_Exercise prompt_. Skip every picture and copy only the lines from the one containing "1. Sınıf 16 Dikte Kitabı" to the final line of the records below.

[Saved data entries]
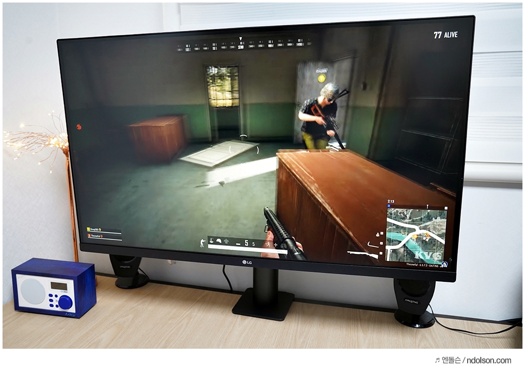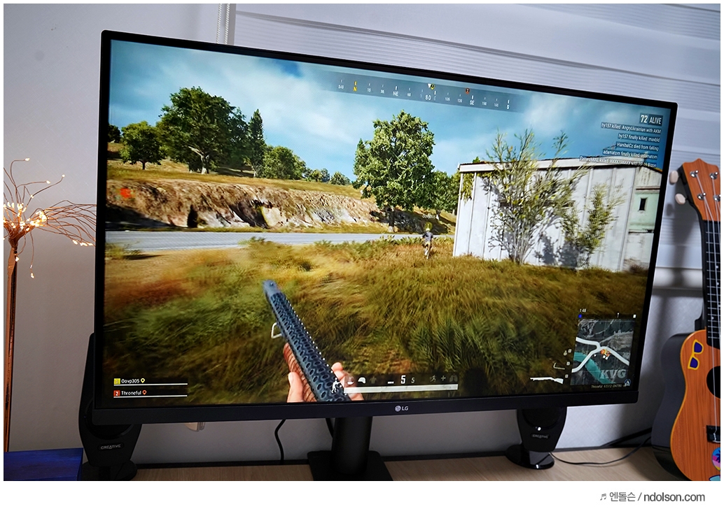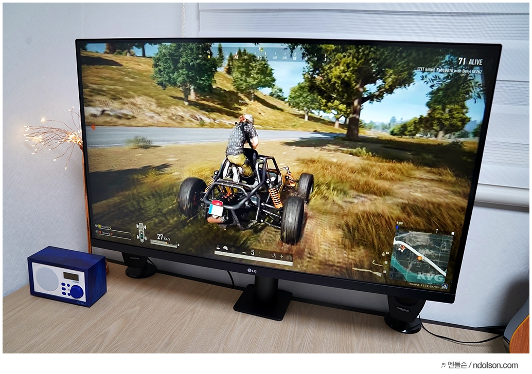 게이밍 기어는 아니지만 프리싱크(AMD Radeon FreeSync)를 지원해서 배틀그라운드, 롤, 오버워치 등의 FPS 게임을 즐기기 적합합니다.
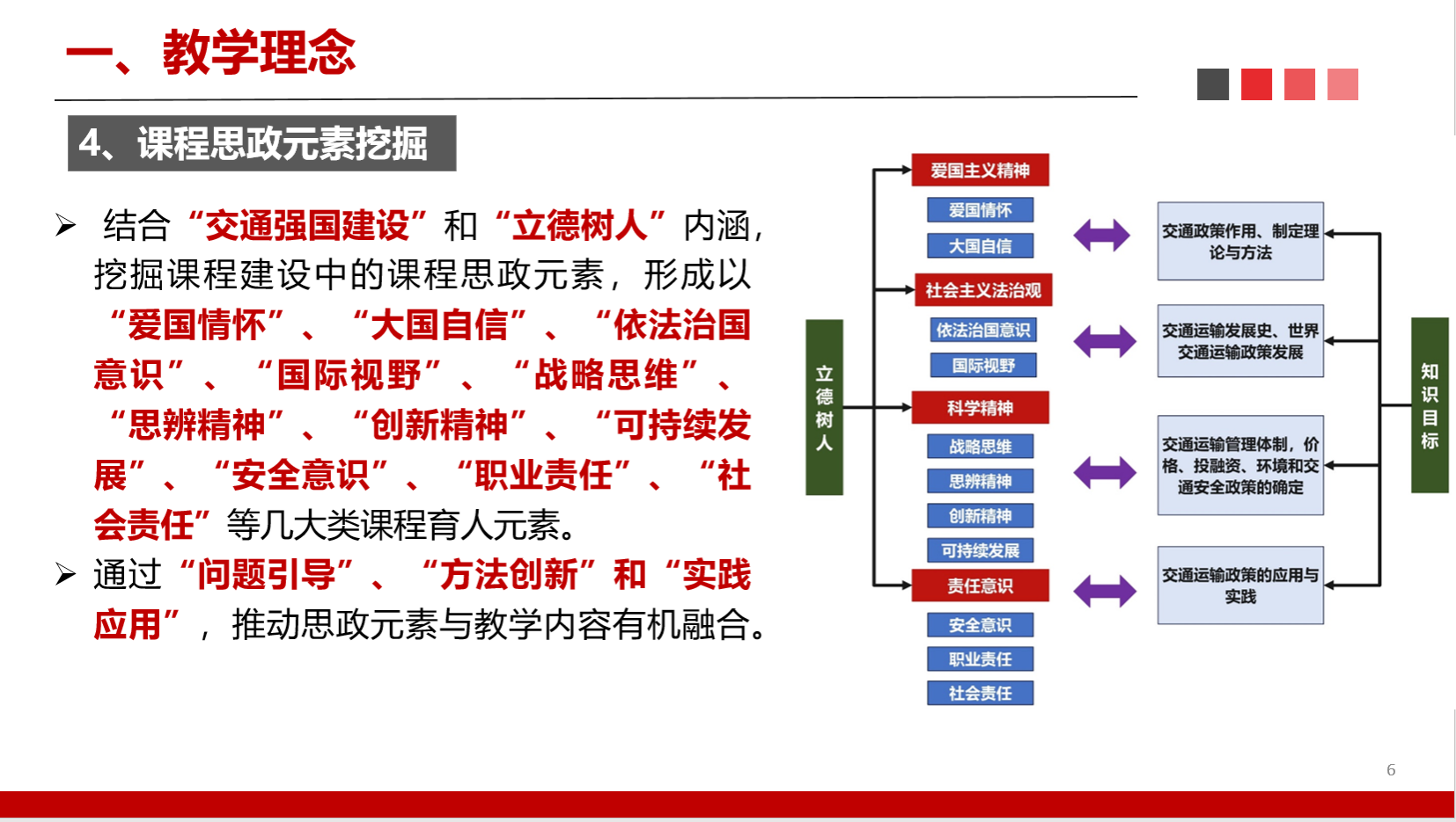 课程简介:“交通运输政策”是交通运输专业的核心课程之一,旨在培养成人员工系统战略思维、思辨能力和统筹意识。课程紧密结合运输政策法规与实际应用,重点聚焦我国铁路运输市场规制、运输资源有效供给与运输环境可持续发展等领域的政策内容。通过案例分析与辩证思维的训练,培养员工的爱国主义精神、社会主义法治观、科学精神与责任意识,提升员工在交通运输领域的决策和执行等职业能力。2024年“交通运输政策”课程入选上海学校课程思政示范课程。
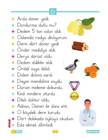 1. Sınıf 16 Dikte Kitabı
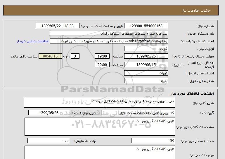نام دستگاه خریدار:سازمان صدا و سیمای جمهوری اسلامی ایران
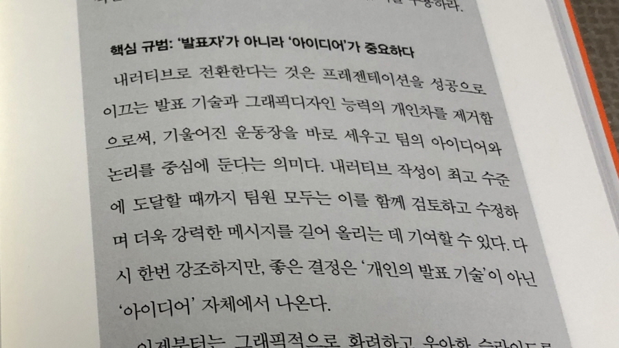 "내러티브 문서 그 자체가 진정으로 위대한 발견이었다. 우리는 엑셀과 파워포인트를 집어던지면서 '계량적이어야 하고' '시각적이어야 한다'라는 욕구와 유혹에서 벗어날 수 있었다. 아이디어가 있으면 내러티브 문서에 쓰기만 하면 됐다." 198쪽
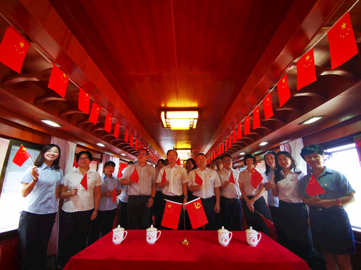 9月21日,邮储银行福建省福州市分行党委举办追寻“红船精神”党日活动。此次活动地点别具匠心地选择在福州西湖画舫的“红船”上进行,会场模拟中共一大的“红船”会议场景,让党员们身临其境地接受一次生动的党性教育和精神洗礼。活动现场,党员们集体观看了《“红船精神”初心和动力》纪录片,合唱歌曲《歌唱祖国》。 □张惠雯 摄影报道
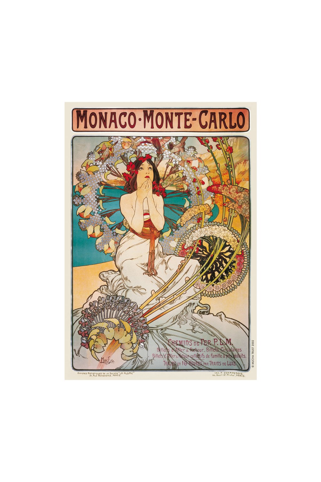 The pale female figure at the centre of the poster holds her hands to her face in wonder against a backdrop of blue sea and a mountainous coastline. Her body is surrounded by an elaborate floral pattern composed of curving stalks of lilac, hydrangea, dianthus and violet. In the background, Mucha features the distinctive towers of Monte Carlo's famous casino.
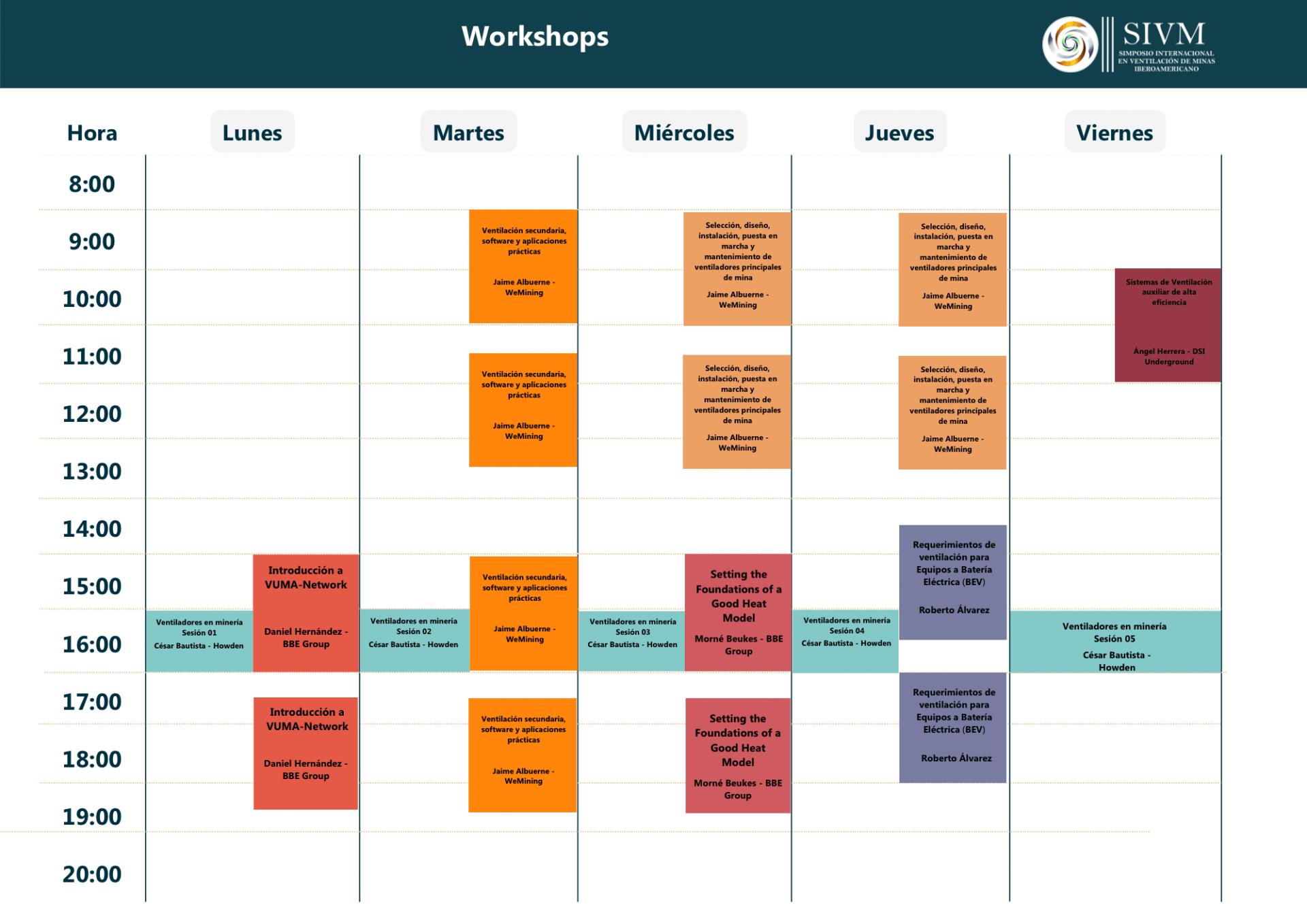 Este workshop presenta el software VUMA-Network y brinda las habilidades básicas de navegación, construcción/importación de modelos y enseña a cómo resolver redes de ventilación y refrigeración de minas.

_Written solution_.
 1. Sınıf 16 Dikte Kitabı
نام دستگاه خریدار:سازمان صدا و سیمای جمهوری اسلامی ایران
 "내러티브 문서 그 자체가 진정으로 위대한 발견이었다. 우리는 엑셀과 파워포인트를 집어던지면서 '계량적이어야 하고' '시각적이어야 한다'라는 욕구와 유혹에서 벗어날 수 있었다. 아이디어가 있으면 내러티브 문서에 쓰기만 하면 됐다." 198쪽
 9月21日,邮储银行福建省福州市分行党委举办追寻“红船精神”党日活动。此次活动地点别具匠心地选择在福州西湖画舫的“红船”上进行,会场模拟中共一大的“红船”会议场景,让党员们身临其境地接受一次生动的党性教育和精神洗礼。活动现场,党员们集体观看了《“红船精神”初心和动力》纪录片,合唱歌曲《歌唱祖国》。 □张惠雯 摄影报道
 The pale female figure at the centre of the poster holds her hands to her face in wonder against a backdrop of blue sea and a mountainous coastline. Her body is surrounded by an elaborate floral pattern composed of curving stalks of lilac, hydrangea, dianthus and violet. In the background, Mucha features the distinctive towers of Monte Carlo's famous casino.
 Este workshop presenta el software VUMA-Network y brinda las habilidades básicas de navegación, construcción/importación de modelos y enseña a cómo resolver redes de ventilación y refrigeración de minas.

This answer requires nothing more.